Der Name Thomas Gieferl taucht momentan bei einigen der angesagtesten Künstler des Landes auf. Da wären Namen wie Onk Lou, Avec, Thomas David oder auch Sakura die momentan unsere Musiklandschaft verschönern und unseren Drummer des Monats November als Rhythmuschef im Gepäck haben. Im Interview erzählt er uns warum er sein Practicepad sogar im Urlaub dabei hat und warum das Ausprobieren und Kreieren von neuen Sounds und Musikstilen so wichtig für ihn ist. Neben seiner Tretboot-Tour im Sommer schildert er uns auch was in den kalten Monaten noch ansteht und auf was man sich in naher Zukunft freuen darf.
Adam Zehentner

Wie hat alles begonnen? Gibt es einen prägenden Moment, der dich zum Schlagzeug führte und wie hat deine musikalische Ausbildung ausgesehen?

Bei mir hat es schon sehr früh begonnen, da ich in einer sehr musikalischen Familie groß geworden bin. Mein Vater hat immer Bands gehabt die bei uns im Haus geprobt haben. Dementsprechend war das Erste, was mich als Kind interessiert hat, die Musik im Proberaum, wenn sie abends geprobt haben. Ich hab zuhören können bis ich schlafen gehen musste. Da war ich so drei, vier Jahre alt. Ich war damals schon immer sehr fixiert auf den Schlagzeuger und dachte mir: „Wow das ist geil, das will ich auch mal machen“. Ich denke, das war das prägendste in diese Richtung. Mein Vater hat das dann auch schnell erkannt und hat mit mir dann jede Woche in unserem Proberaum Musik gemacht. Dabei hat er meistens Gitarre oder Saxofon gespielt und ich habe als kleines Kind versucht dazu zu trommeln. Später als ich schon ein wenig spielen konnte und mit meiner Mama auf Papas Konzerten war, durfte ich meistens einen Song auf dem Schlagzeug oder den Percussions mitspielen. Das waren meine ersten Auftritte im ganz jungen Alter. Da war ich so fünf, sechs Jahre alt, glaube ich. Mit sechs Jahren hatte ich begonnen in der Musikschule Bad Gleichenberg-Fehring Schlagzeug-Unterricht zu nehmen. Dort habe ich bei Heiko Neubauer zehn Jahre Schlagzeugunterricht genossen. Nach diesen zehn Jahren habe ich dann das BORG Bad Radkersburg besucht, wo mich Klemens Prassl, der mich dann ein wenig in die Jazz-Materie gebracht hat, unterrichtet hat. Nach einem Jahr Unterricht und Vorbereitungszeit bei Klaus Fürstner, wurde ich an der Jazzabteilung in Graz aufgenommen. Dort habe ich drei Jahre lang Jazz-Schlagzeug studiert. Danach bin ich nach Wien gegangen und habe dort mein IGP-Schlagzeugstudium (Instrumental- und Gesangspädagogik) fertig gemacht.
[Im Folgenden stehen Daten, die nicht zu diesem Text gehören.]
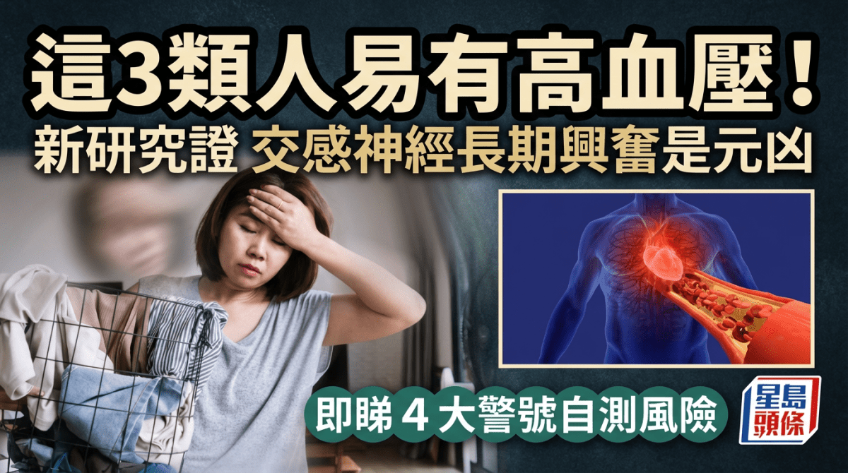 這3類人易有高血壓!新研究證交感神經長期興奮是元凶 即睇4大警號自測風險

Du unterrichtest mittlerweile selbst an der Musikschule, an der du das Spielen gelernt hast. Wie ist das für dich, dass dein ehemaliger Lehrer auf einmal dein Kollege ist und wie lange machst du das schon?

Das ist sehr positiv für mich, weil ich mich mit meinem Lehrer immer sehr gut verstanden habe und das noch immer tue. Jetzt ist es eben nicht mehr dieses Lehrer-Schüler-Verhältnis, sondern man trifft sich tauscht sich aus, spielt gemeinsam und checkt gemeinsam Sachen aus. Das ist sehr inspirierend. Das besondere für mich ist, dass ich nach so langer Zeit in Graz und Wien, in der ich bis jetzt sehr viel dazugelernt habe, immer noch Neues von ihm lernen kann. Das macht für mich auch einen guten Lehrer aus. Mittlerweile unterrichte ich seit knapp zwei Jahren, an zwei Nachmittagen in der Woche.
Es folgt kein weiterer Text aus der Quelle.